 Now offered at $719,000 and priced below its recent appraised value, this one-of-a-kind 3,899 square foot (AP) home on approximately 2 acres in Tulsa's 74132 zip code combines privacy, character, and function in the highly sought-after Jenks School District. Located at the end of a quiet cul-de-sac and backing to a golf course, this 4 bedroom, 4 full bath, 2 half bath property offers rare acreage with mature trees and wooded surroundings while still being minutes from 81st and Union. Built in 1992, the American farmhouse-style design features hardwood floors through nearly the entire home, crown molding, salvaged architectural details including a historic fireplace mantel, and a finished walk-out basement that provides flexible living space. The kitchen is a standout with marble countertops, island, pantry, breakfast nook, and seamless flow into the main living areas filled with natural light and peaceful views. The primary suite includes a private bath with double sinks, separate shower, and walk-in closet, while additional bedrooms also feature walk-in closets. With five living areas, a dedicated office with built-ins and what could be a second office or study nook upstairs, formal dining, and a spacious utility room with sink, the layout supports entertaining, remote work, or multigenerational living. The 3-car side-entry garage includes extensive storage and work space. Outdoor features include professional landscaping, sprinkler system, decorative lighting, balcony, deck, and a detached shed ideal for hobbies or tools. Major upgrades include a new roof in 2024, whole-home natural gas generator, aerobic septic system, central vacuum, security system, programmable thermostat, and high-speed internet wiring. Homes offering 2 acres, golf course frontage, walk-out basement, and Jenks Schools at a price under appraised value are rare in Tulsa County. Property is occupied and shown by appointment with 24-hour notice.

...

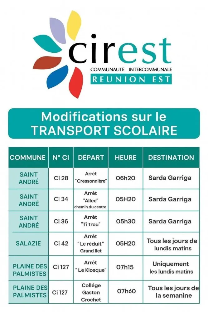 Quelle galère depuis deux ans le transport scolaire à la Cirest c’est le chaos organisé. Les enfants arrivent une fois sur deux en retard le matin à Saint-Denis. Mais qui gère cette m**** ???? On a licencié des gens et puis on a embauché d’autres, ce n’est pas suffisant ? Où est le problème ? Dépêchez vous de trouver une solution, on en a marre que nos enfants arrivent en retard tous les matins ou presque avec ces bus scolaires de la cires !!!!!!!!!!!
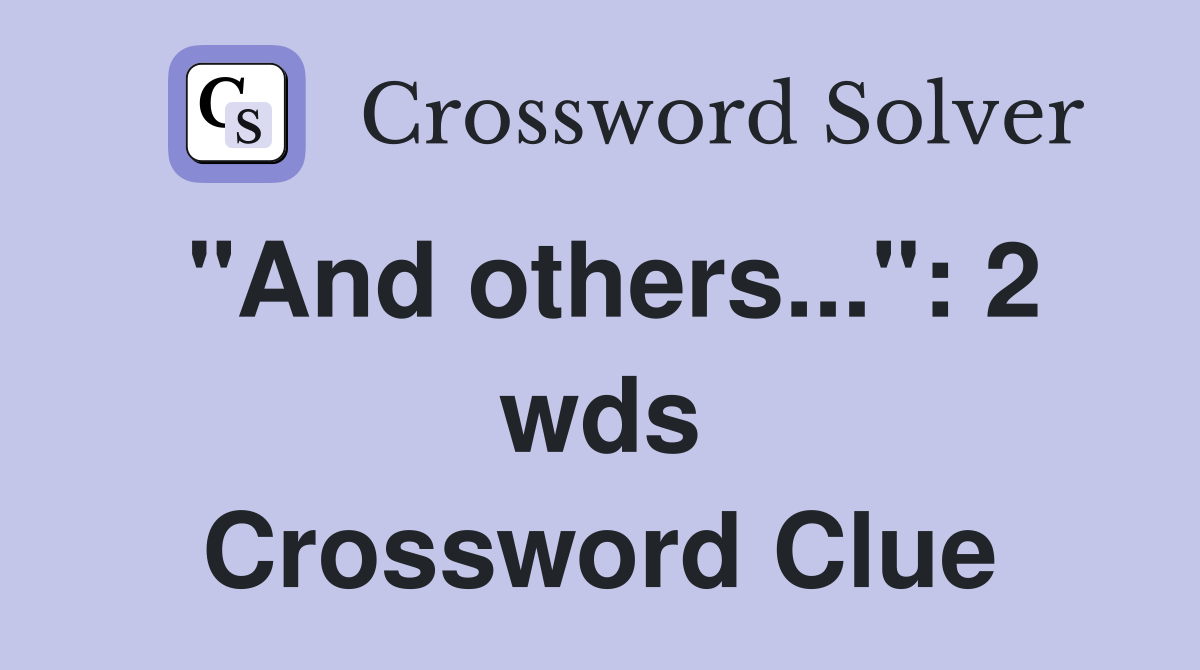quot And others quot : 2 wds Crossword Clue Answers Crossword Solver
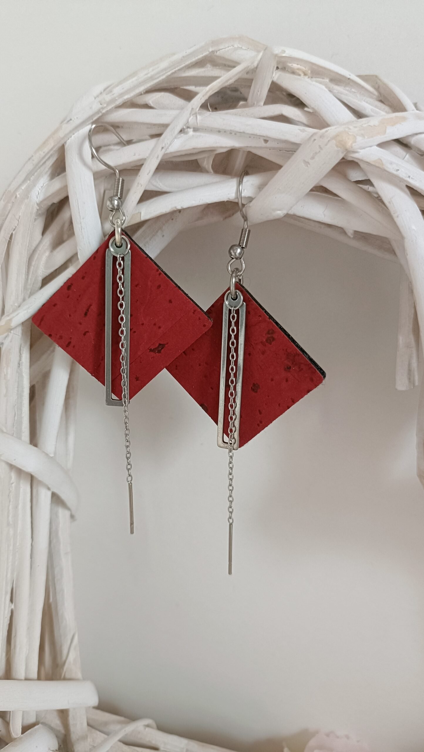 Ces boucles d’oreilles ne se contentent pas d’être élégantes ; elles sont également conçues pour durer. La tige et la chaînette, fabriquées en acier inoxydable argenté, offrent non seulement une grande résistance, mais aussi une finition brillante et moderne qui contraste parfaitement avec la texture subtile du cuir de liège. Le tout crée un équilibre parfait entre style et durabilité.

- [WORK ORDER]: Using the records above, return word for word the lines that begin at the one containing "Quelle galère depuis" and end at the one containing "quot And others", both of them included and no pictures.

- [FINISHED TASK]:
 Quelle galère depuis deux ans le transport scolaire à la Cirest c’est le chaos organisé. Les enfants arrivent une fois sur deux en retard le matin à Saint-Denis. Mais qui gère cette m**** ???? On a licencié des gens et puis on a embauché d’autres, ce n’est pas suffisant ? Où est le problème ? Dépêchez vous de trouver une solution, on en a marre que nos enfants arrivent en retard tous les matins ou presque avec ces bus scolaires de la cires !!!!!!!!!!!
quot And others quot : 2 wds Crossword Clue Answers Crossword Solver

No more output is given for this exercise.